To access Hue, you'll need general analytics data access.
If you have that, you can log in using your shell username and Wikimedia developer account (Wikitech) password. If you already have cluster access, but can't log into Hue, it is likely that your account needs to be manually synced. Ask an Analytics Opsen – ottomata (aottowikimedia.org) or elukey (ltoscanowikimedia.org) – or file a Phabricator task for help (the instructions they will need to follow are at Analytics/Cluster/Hue/Administration).
Testing an Oozie job that runs a Spark job
- start your job, overriding properties like start_time (see detail at Analytics/Cluster/Oozie). Coordinators should have example submit commands at the top.
- look at running coordinators on Hue. When you started your job you got an oozie id you can use directly, but your job is usually at the top of the Running or Completed queue here.
- in the coordinator view, on the Calendar Tab, you should see just one instance running if you properly passed start_time/stop_time overrides. Click on that.
- in the workflow view now, on the Actions Tab, you'll see a little 3-stack icon in the Logs column. Click on that.
- These are the logs of the Oozie Job. You probably want the logs of the Spark Job application master. When running normally, the Oozie job logs lines like these:
2019-06-18 14:25:52,359 [main] INFO org.apache.spark.deploy.yarn.Client - Application report for application_1560620285026_8417 (state: RUNNING) 2019-06-18 14:25:53,360 [main] INFO org.apache.spark.deploy.yarn.Client - Application report for application_1560620285026_8417 (state: RUNNING)
- Your Spark Job logs will be in yarn under the application id "application_1560620285026_8417". To find it, you either go to https://yarn.wikimedia.org/cluster/scheduler and look around or go directly to https://yarn.wikimedia.org/cluster/app/application_1560620285026_8417. If you know the cluster's not too busy you can go straight to the scheduler, it might be easy to find your job without looking through Hue.
- Tricky: Our settings by default are to retry jobs 6 times.

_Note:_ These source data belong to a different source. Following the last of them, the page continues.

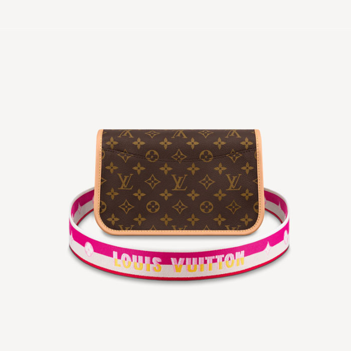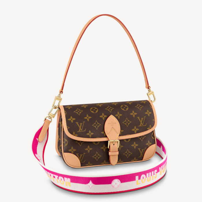 The Diane satchel in Monogram canvas revisits a classic model from the 90s, combining such vintage details as leather corners and an archival-inspired buckle with the modern functionality of smart pockets and a well-organized interior. The exclusive wide jacquard strap reverses from a bold Louis Vuitton signature to a subtle Monogram Flower motif.
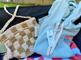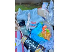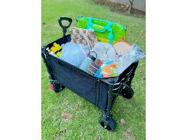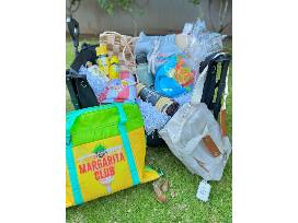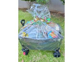 Come hang out at the beach with us! This fun basket has all the parts to make a seaside trip perfect, including a unique wagon with side zip, towels and toys, tote bags, lots of sunscreen and more!
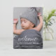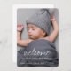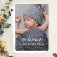 This simply charming photo birth announcement flat card features a contemporary design that's easily customized with your baby's photo, details and your message.We've picked rounded corners as the default shape setting, but you can easily change the look to sharp corners, as that look also works wonderfully with this design. Try both shapes in editing mode and see which grabs you! Along with the full photo format, we've made 'welcome' the focus, presented in all lower case in a modern script that's at once tidy and legible but also expressive, warm and familiar. This script and the other text on the card's front is a crisp white. You can change the color and font of this or any other text according to your own taste, and we invite you to play with these elements. For example, you might change the 'welcome' part of the design to something else, such as 'introducing' or 'hello, world!' etc. And you can always change the size of the text if your own version is too long to fit the space. If you prefer a more minimalist look, you can delete without replacing any of our sample stats-you might not want to include the time of day or length, for example. We've set the background on the back as transparent, to let the color of your paper simply serve as the base tone. You can change this by choosing a color instead, be it a soft blue or pink or anything else. On back, we've added some placeholder text for you to replace with your own message. You can change the font and/or the text color as well. The default text color on the back is a gray tone. After you delete our placeholder text, you might decide to simply leave the back entirely blank, so that you can add a handwritten message with your signatures after you receive your cards. Or you might enter a message and then sign the cards by hand after you receive them, rather than entering your names when you edit the other text. In any case, please do remember to remove all of the placeholder text on the back including the sample names as well as the sample details and photo on the front! The default paper type, matte, has a soft warmth to it and resists smudging, so it's a great choice for writing your own message. Use the intuitive design tools, your favorite photo and your inspiration to personalize this custom birth announcement flat card and make it uniquely yours!
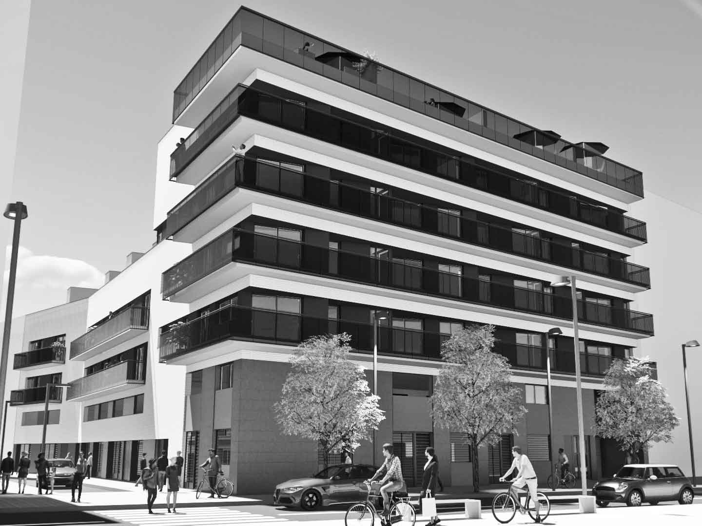 Five projects by the same promoter are currently making up part of the façade of Plaza Pompeu Fabre, in the center of Badalona. Together they add up to a total of 108 homes and 6 commercial premises.
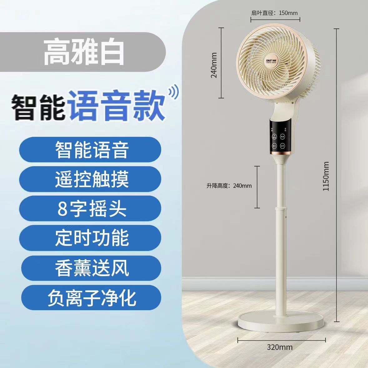 [white smart] interactive voice response + free remote control + 1.1-meter height extension + antibacterial fan blades + 8-character head shaking
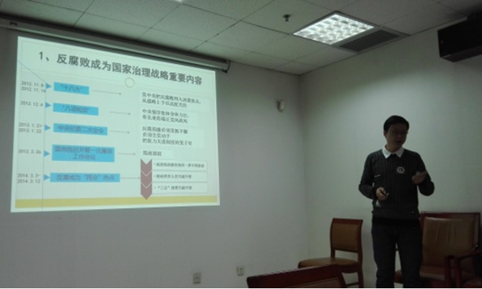 为深入贯彻十八届六中全会精神,落实对全面从严治党的总体部署,11月25日下午,猫都论坛 机关党支部、传播学系党支部、中文系党支部、艺术系党支部和音乐教育中心党支部邀请了中国管理现代化研究会廉政建设与治理研究专业委员会副秘书长,猫都论坛 马克思主义学院思想政治教育研究所青年骨干教师韩锐做了题为《党风廉政建设与反腐败形势》的主题报告。
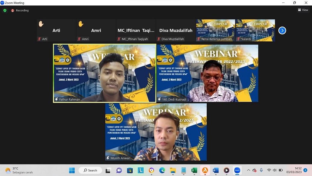 Kantor Wilayah DJP Banten bersama Tax Center Universitas Universitas Islam Negeri (UIN) Syarif Hidayatullah Jakarta melakukan webinar dengan tema "Cermat Lapor SPT Tahunan Wajib Pajak Orang Pribadi Serta Pemutakhiran NIK menjadi NPWP" kepada puluhan mahasiswa secara daring melalui aplikasi Zoom di Kota Serang, Banten (Jumat, 3/3).
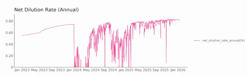 Annualized net dilution rate increased to 0.83%, a new high since 2024, exerting downward pressure on price.
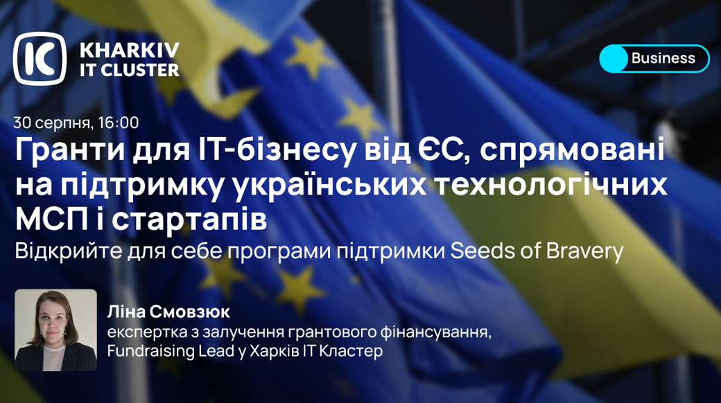 Долучайтеся до вебінару щодо грантової програми проєкту Seeds of Bravery, що фінансується Європейським Союзом у рамках Європейської інноваційної ради (EIC) 🌐
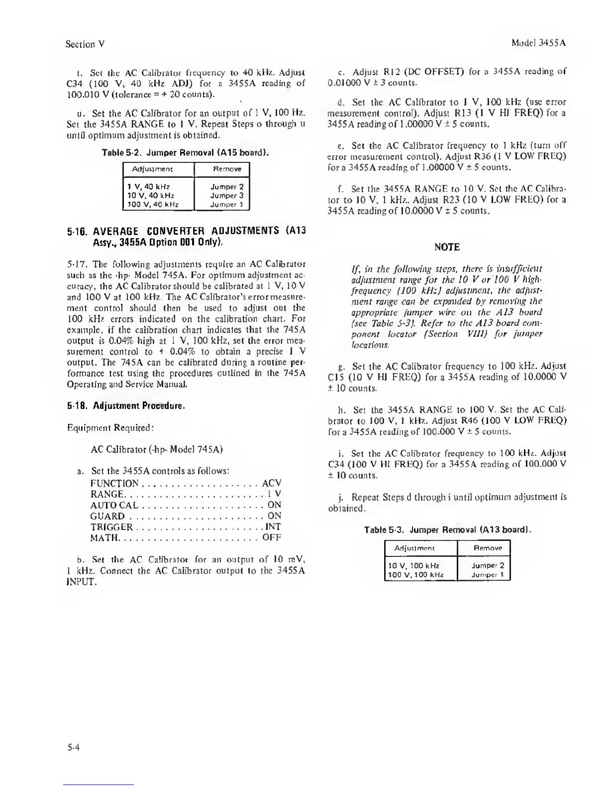 V, 40 kHz ADJ) for a 3455A
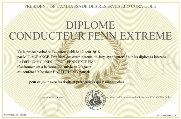 Envoyez par email votre DIPLOME CONDUCTEUR FENN EXTREME personalisé
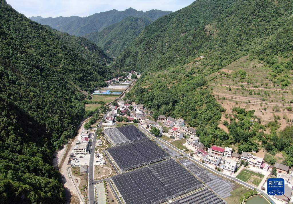 5月30日拍攝的陝西省商洛市柞水縣金米村的木耳大棚(無人機照片)。 新華社記者 李一博 攝

You will not see this if you're just looking at Hue, because the Oozie job won't fail when the application master fails. It will try again up to 6 times, failing and restarting each time. If this is happening, you'll see more than one Application Master listed at the direct link above. If this is the case, you probably want to kill your job, it wouldn't have restarted for any good reason.
- Important: your job has to finish for logs to be available, because it runs through yarn and logs are aggregated and available only after the job completes.
- Copy your application id and look at yarn logs. As the user that started the job (analytics, hdfs, your own user, etc.), run
yarn logs -applicationId application_1560620285026_8417 | grep ERROR.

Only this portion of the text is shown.